Collect the Pain

Pfäffikon SZ, Switzerland – You will not have failed to notice that the credit crisis is celebrating its 10th anniversary. The media pays much attention to the crisis and lists bullet points of what has been learned and what not. Interesting is also who have benefited from the remarkable policy of the central banks and who has not. Additionally, the financial landscape –and the associated valuations– has been thoroughly disrupted. However, a 30-year scenario seems to be off track, or is it not?

If you want to transfer your savings mortgage today, you have a problem. Moreover, when you look at your accumulated pension fund, you usually do not get happy. The policy of the central banks has disrupted the financial system. The flood of money has found its way in recent years, but the policy of the central bankers does increase the risk of bubbles. Starting market participants have no idea what risk they are currently measuring. Today, cheap money finds its way to, in particular, durable goods such as houses. As soon as more cash enters the system, inexperienced participants will systematically and independently generate bubbles. Even if a reference is made to the fundamental value of the underlying investment, the warning of the bubble is set aside.

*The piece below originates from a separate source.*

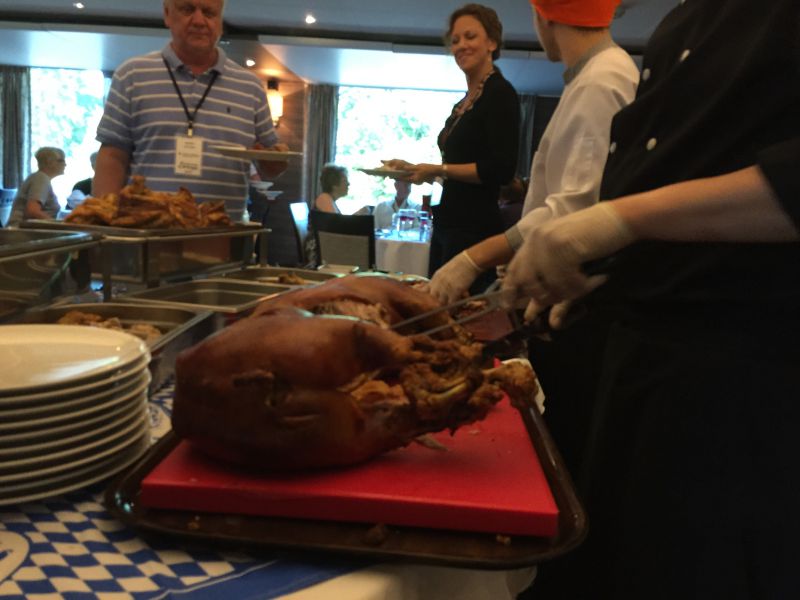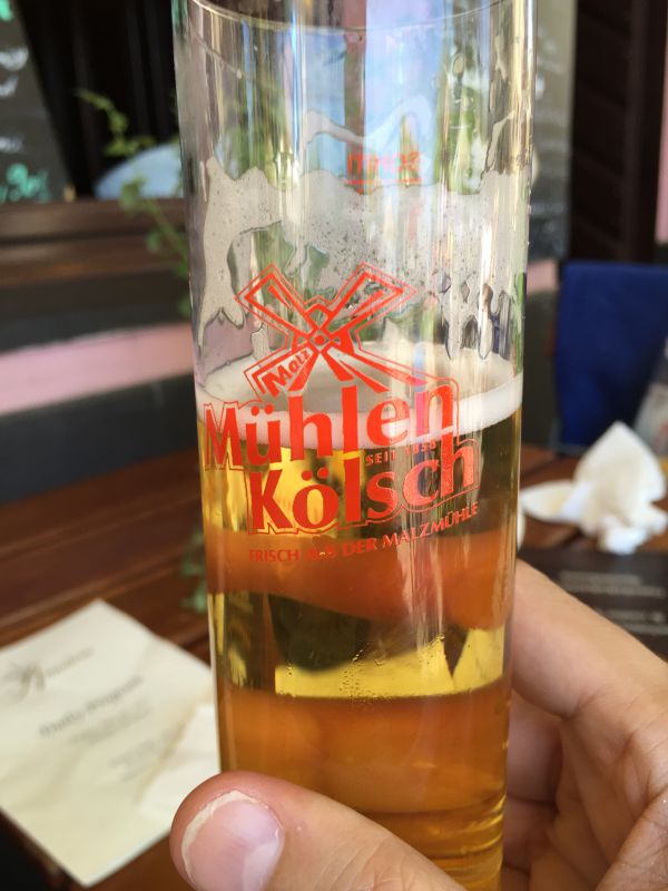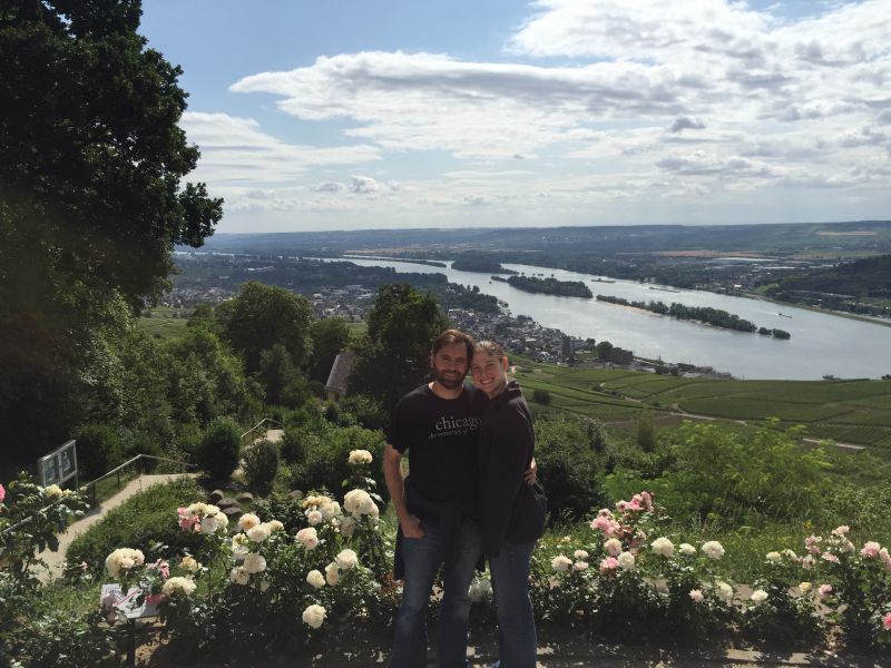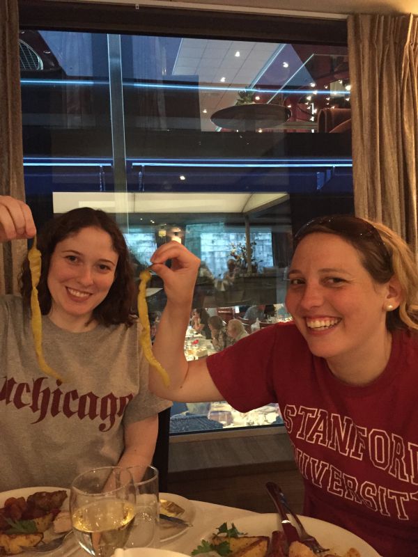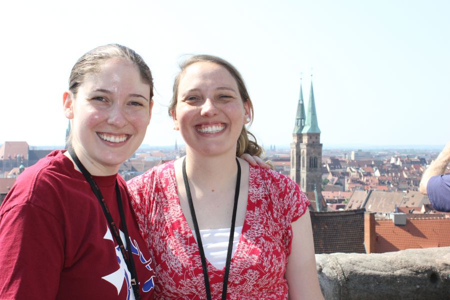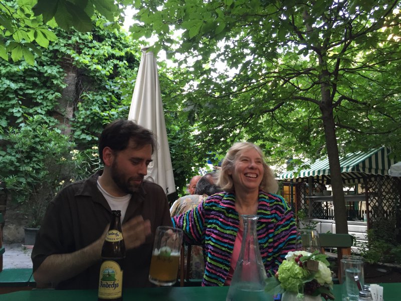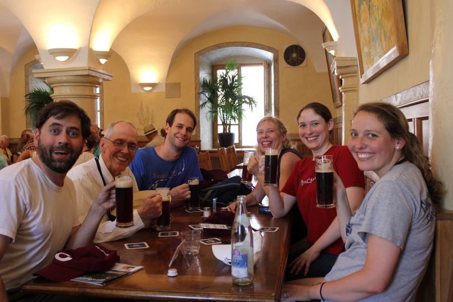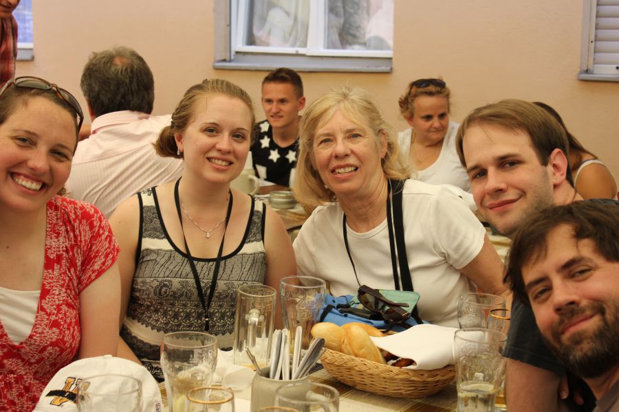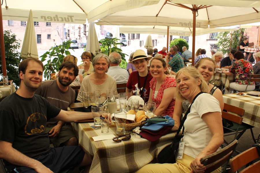 Lunch in Nuremberg, Germany: traditional bratwurst sausages, potato salad or sauerkraut, and beer. In the photo from left to right: Madeleine, Theresa (the UChicago alumni representative on the trip), Mama, Joel, and Noel.

Financial tightening is imminent, which will be accompanied by rising interest rates. Increasing interest rates do not have to pose a threat to the current economic recovery, even if you read something else in the mainstream media. The population group that has benefited from the broad financial policy of the central bankers is extremely small. This means that many citizens are financially struggling ten years later. It only needs an economic breeze, and we are cooked. Add to that the destructive power of the internet and the image is suddenly highly uncertain and financially weak. The moment for a collective wage increase has now arrived. In this way, citizens get the chance to organize their finances after the Great Recession better. Economic growth must be used to balance the financial relationships better.

The 30’s
First of all, the future looks bright. The world seems to be making a change in many ways, which will generate extra economic growth. The transition will be –as usual– painful for many. Additionally, we still live in a 30-year scenario. Capitalism and democracy are increasingly being tested, and inflation is approaching. When large groups fail financially, they will resist, both socially and politically; this is very similar to a 1930s scenario. The ideal situation is that in a subsequent recession the financial consequences will be mild, whereby laws and agreements will be respected. Unfortunately, the chance of panic is always great, especially in this era. Even the quiet, intelligent neighbor can be stricken during a 30-year scenario and fear subsequently. Should it come this far, then there is nothing else than to collect the pain. Excellent financial preparation is advisable.

It remains for me to wish you a good trading week.

Jan Dwarshuis is CIO at 1324 | by Thirteen Asset Management AG. Dwarshuis writes his columns in a personal capacity. Professionally, he holds positions in major European, American and Russian stock funds. The information in his columns is not intended as professional investment advice or a recommendation to make certain investments. At the time of writing, he has no position in above mentioned shares and has no intention of doing so in the next 72 hours.